午後四時より第二回血液透析を開始し同九時一分に終了した。透析の結果、<1> 尿素窒素は一三三・二から八四・六mg/dl、<2> クレアチニン値は一一・一から七・一mg/dl、<3> カリウム値は四・五から三・七ミリ当量/lとなつた。

筋原性酵素であるクレアチンホスホキナーゼ(CPK)は透析前に一五四三U(基準値〇ないし四五U)、アスパラギン酸アミノ基転移酵素(GOT)は透析前が三九八KU、透析後二六四KU(基準値五ないし四〇KU)、乳酸脱水素酵素(LDH)は透析前一九七一U、透析後一九六七U(基準値二二五ないし四五〇U)といずれも高い値を示しており、筋原性物質の血中融出と腎不全の関連が考えられた。

この日の尿量は、午前六時に少量、同一〇時に二、三滴であつた。午後一〇時の尿には潜血反応(+++)、蛋白(+++)がみられた。

この日、大腿静脈にカテーテルを挿入するための外科的手技(切開)を行つたことから感染防止のため午後九時二五分、エポセリン二gを投与された。

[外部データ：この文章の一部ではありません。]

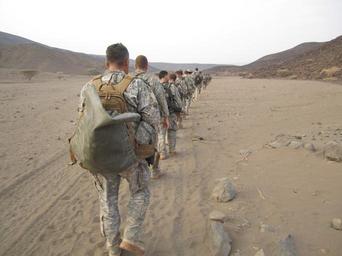 Keywords: French, Djiboutian, US service members survive the desert 110921-N-MJ000-264.jpg en Service members from the French Djiboutian and United States militaries walk across the desert in Djibouti during a desert combat training course Sept 21 The service members navigated across 50 miles of desert during the 10-day course Forty members of the Combined Joint Task Force - Horn of Africa and Camp Lemonnier Djibouti participated in the training to learn how to survive in desert conditions <br>Unit Combined Joint Task Force - Horn of Africa 2011-09-21 U S Navy photo by Lieutenant Mark Jackson https //www dvidshub net/image/471439/french-djiboutian-us-service-members-survive-desert 110921-N-MJ000-264 2011-10-10 09 31 CAMP LEMONNIER DJ PD-USGov-Military-Navy Combined Joint Task Force - Horn of Africa Camp Lemonnier Images from DoD uploaded by Fæ |

(六) 九月四日、午前九時二三分より第三回血液透析を開始し、午後二時三分に終了した。ヘパリン五ml点滴投与。透析の結果、<1> 尿素窒素は一〇九・九から五八・八mg/dl、<2> クレアチニン値は九・三から五・一mg/dlとかなり改善傾向がみられたことから、次回の透析を一日開けた九月六日に実施するよう指示した。また、カリウム値は三・八から三・四ミリ当量/lとなつたことから、腎臓食を解除することも認めた。前日同様感染防止のため午後六時、エポセリン二グラムを投与した。

この日の尿量は九〇mlであつた。

尿検査によれば、比重一・〇一八、ph六、潜血反応(+++)、蛋白(++++)、沈渣は、赤血球(三五ないし四〇/視野)、白血球(一五ないし二〇/視野)、細菌(-)であつた。

(七) 九月五日、尿量は三一・五五mlであつた。

午前一〇時五分、茶色軟便の多量排泄があり、潜血反応(++++)、pH八がみられた。森田医師は、血便の原因として、副腎皮質ステロイド剤(ソルメドロール)の副作用、ストレスからくる胃潰瘍を疑い、午後六時に副腎皮質ステロイド剤(ソメメドロール)を〇・五gに減量して投与した。

この日の尿量は約三一・五五mlであつた。

(八) 九月六日、午前九時より第四回血液透析を開始し、午後二時終了した。透析開始前のCPKは八三八U、LDHは一〇八七U、GOTは八六KUといずれも高値であつた。透析の結果、<1> 尿素窒素は一二四・六から六八・三mg/dl、<2> クレアチニン値は一二・二から六・七mg/dl、<3> カリウム値は三・五から三・四ミリ当量/lであつた。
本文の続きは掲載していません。